## Task requirements
Show each line of the records in which the word "meeting" occurs.

(Extracted data entries)
════════════════════

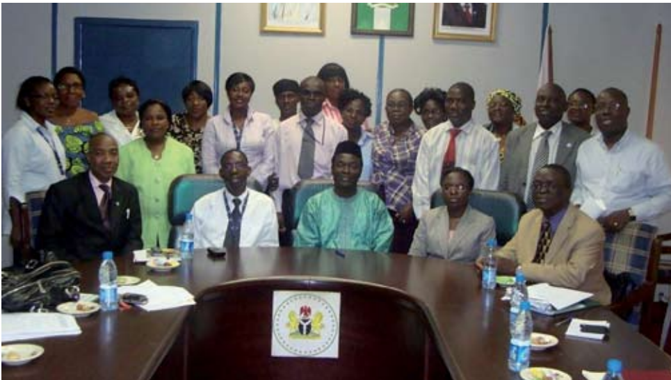
Maiden meeting of the Global Fund HIV Round 5 implementers called by the Federal Ministry of Labour and Productivity, Abuja Thursday, September 17, 2009. PR- NACA and AED/Nigeria were in attendance

The meeting also noted that poor documentation and motivation of field staff were key challenges to accurate statistical data recording.
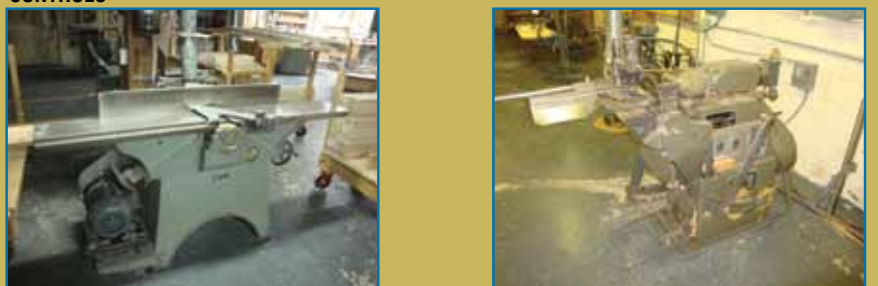
NORTHFIELD JOINER RICHARDSON DRILLING & CUTOFF MACHINE
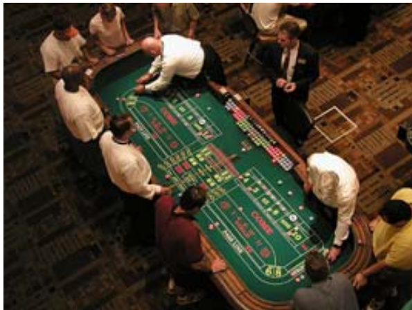
Casino Quality Craps Tables
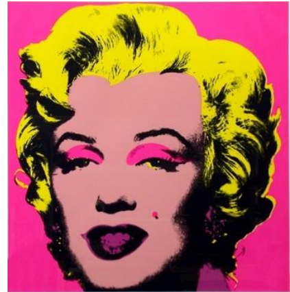
Andy Warhol (American, 1928–1987), Marilyn , 1967, screenprint in colors on paper. Museum purchase, 1968.60.5
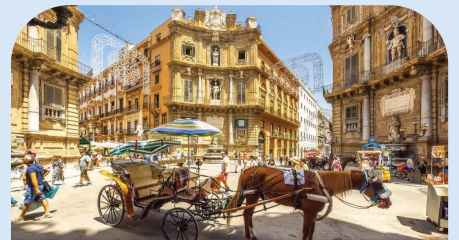
QUATTRO CANTI SQUARE

════════════════════

## Task result
Maiden meeting of the Global Fund HIV Round 5 implementers called by the Federal Ministry of Labour and Productivity, Abuja Thursday, September 17, 2009. PR- NACA and AED/Nigeria were in attendance
The meeting also noted that poor documentation and motivation of field staff were key challenges to accurate statistical data recording.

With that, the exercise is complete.